# What am I ???



## "Mike" (Nov 29, 2011)

A Pencil!


----------



## Kennyd (Nov 29, 2011)

jbltwin1 said:


> A Pencil!





Bill Gruby said:


> Nope but on the right path.
> 
> "Billy G" :thumbzup::thumbzup::thumbzup:



Eraser?

Or, my Ass...its been accused of having lead in it before:lmao:


----------



## Old Iron (Nov 29, 2011)

Bench or desk!:biggrin:

Paul


----------



## Old Iron (Nov 29, 2011)

And I have a good electric one in my shop.:whistle:

Paul


----------



## Kennyd (Nov 29, 2011)

No fair.  I want my money back.

I only use Pentel 0.7 or 0.9 mechanical pencil's so I do not own a sharpener.


----------



## Kennyd (Nov 29, 2011)

Paddy OFernichur said:


> Pentel 0.5 and sometimes a 0.7 for me. I assume that's what you meant. A 0.07 or 0.09 would be extra-super fine!

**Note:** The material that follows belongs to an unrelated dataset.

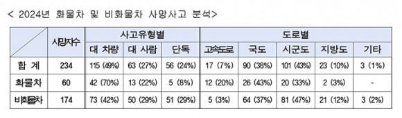 °æÂû¿¡ µû¸£¸é, ÀÚµ¿Â÷ Áß È¹°Â÷ µî·Ï´ë¼ö´Â ¾à 23.6¸¸´ë·Î ÀüüÀÇ 19%(¡¯24. 12¸»±âÁØ)ÀÌÁö¸¸, ȹ°Â÷ ¿îÀüÀÚÀÇ °ú½Ç·Î »ç¸ÁÇÑ »ç¶÷Àº 60¸íÀ¸·Î Àü³â 45¸í ´ëºñ 15¸í(33%)ÀÌ Áõ°¡Çß°í, Àüü »ç¸ÁÀÚ(234¸í)ÀÇ 26%¸¦ Â÷ÁöÇÑ´Ù.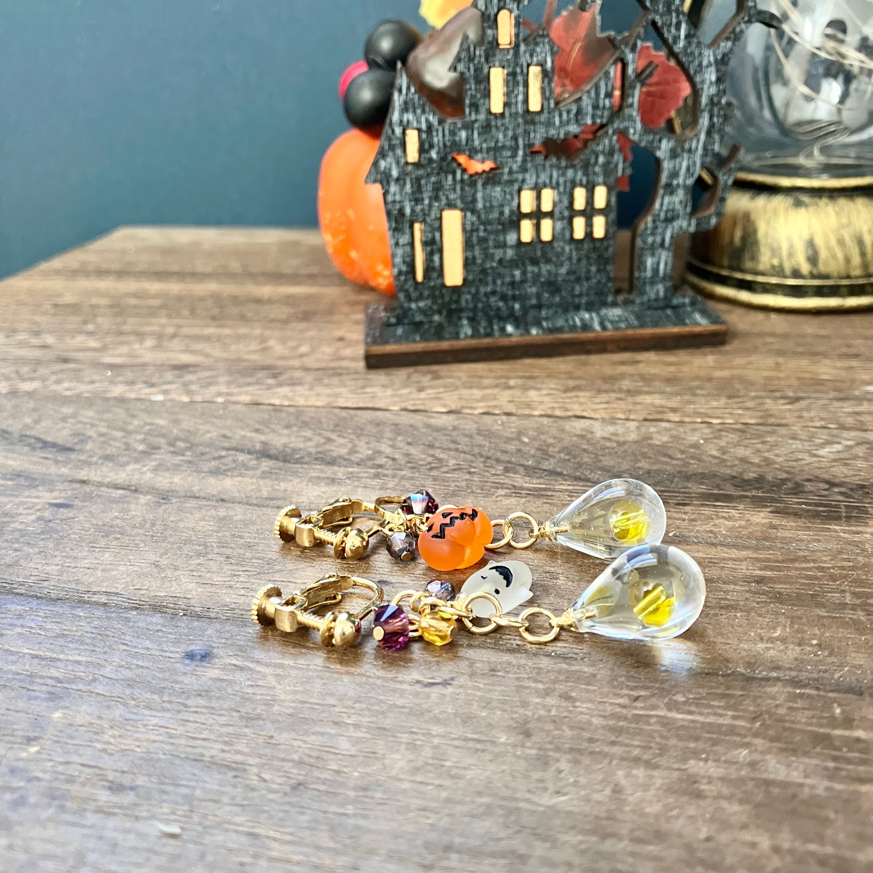 シックな色合いのビーズとオバケ、ジャックオランタンがゆらゆら揺れる存在感のある耳飾りです。

Thanks, post is now corrected.


----------



## Tony Wells (Nov 30, 2011)

Me too, Ed. I have a couple of 0.5 pencils, but I think the 0.7 gets the most use. I also have a leadholder that I use often, but it's only when I want a very fine line, so into the pointer it goes. Makes a good supply of graphite available at the same time. All the young CAD users probably don't even know what I am talking about. Of course, I haven't used the Mars-Staedtler pen in ages, so I bet my ink bottle is all dried up.


----------



## Tony Wells (Nov 30, 2011)

DaveH said:


> Well I think you need to get yourselves some "Man Pencils" and stop with this sissy 0.5, 0,7 stuff:lmao: :lmao: :lmao: :lmao: :lmao: :lmao:
> 
> 
> View attachment 30548
> ...



That's what the lead holder is for, Dave. It uses 2.0mm leads. :biggrin:


----------